Stored items from a collection:
• • • •
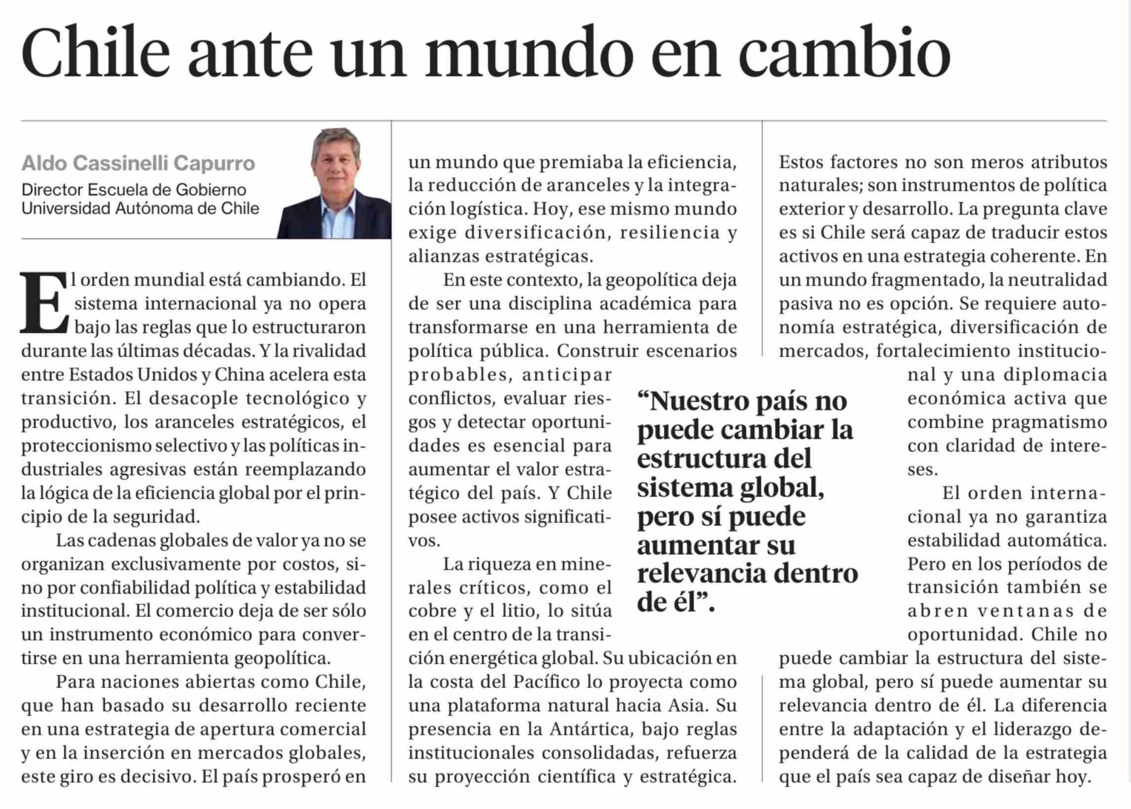 Columnas de Opinión: Chile ante un mundo en cambio 05-03-2026 La Segunda |
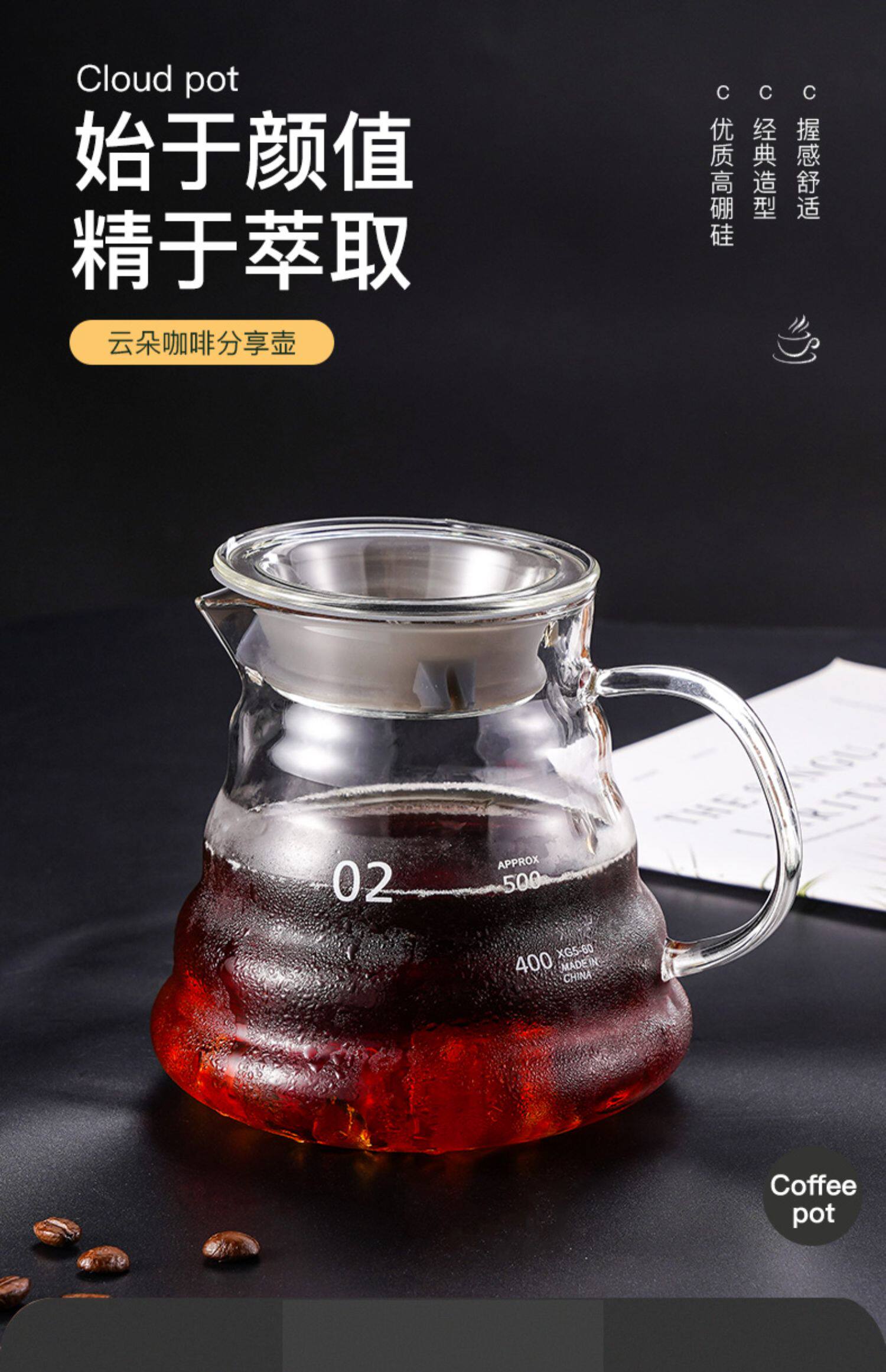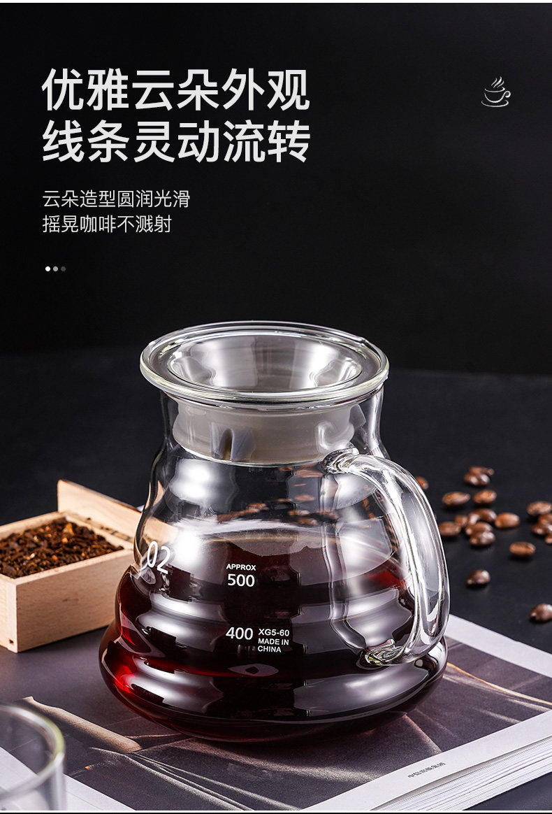 Рука -Распределение кофе кофе 350/600 мл облачный горшок американский кофейный кофейный кофейный кастрюль High Peng Silicon Heat -устойчивый
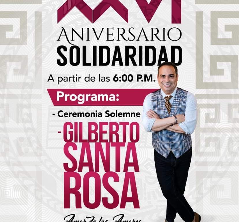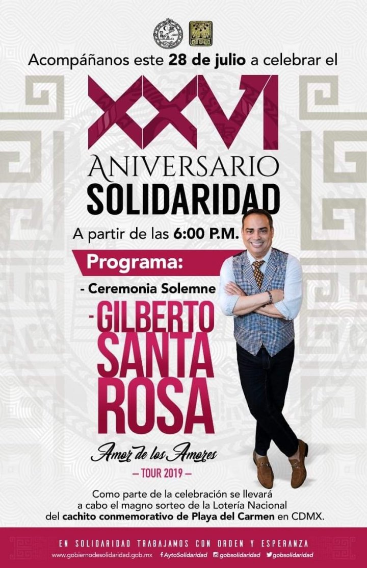 La primera actividad, será la Sesión Pública y Solemne de Cabildo, con la participación de representantes de los tres poderes del estado de Quintana Roo. Posteriormente, se transmitirá el sorteo del billete de lotería que tiene la imagen del municipio de Solidaridad, desde la oficina de la Lotería Nacional para la Asistencia Pública, en la Ciudad de México. Por último, será la presentación estelar del cantante puertorriqueño Gilberto Santa Rosa.
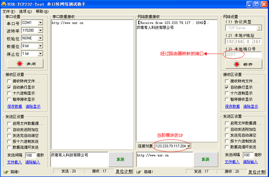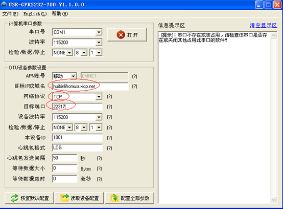設置目標IP及端口如下,第一個是USR-TCP232-E45以太網轉串口模塊,第二個是GPRS232-700,
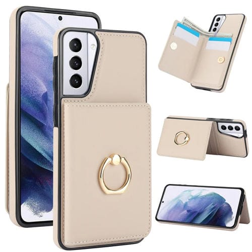 Estuche para teléfono Samsung Galaxy S21 FE 5G con soporte para anillo y tarjeta antirrobo Rfid (Blanco)
• • • •
*WORK TO COMPLETE:*
Up to and including the line with "La primera actividad, será", copy the data above from its first line. Skip pictures.

*THE COMPLETED TASK:*
 Columnas de Opinión: Chile ante un mundo en cambio 05-03-2026 La Segunda |
 Рука -Распределение кофе кофе 350/600 мл облачный горшок американский кофейный кофейный кофейный кастрюль High Peng Silicon Heat -устойчивый
 La primera actividad, será la Sesión Pública y Solemne de Cabildo, con la participación de representantes de los tres poderes del estado de Quintana Roo. Posteriormente, se transmitirá el sorteo del billete de lotería que tiene la imagen del municipio de Solidaridad, desde la oficina de la Lotería Nacional para la Asistencia Pública, en la Ciudad de México. Por último, será la presentación estelar del cantante puertorriqueño Gilberto Santa Rosa.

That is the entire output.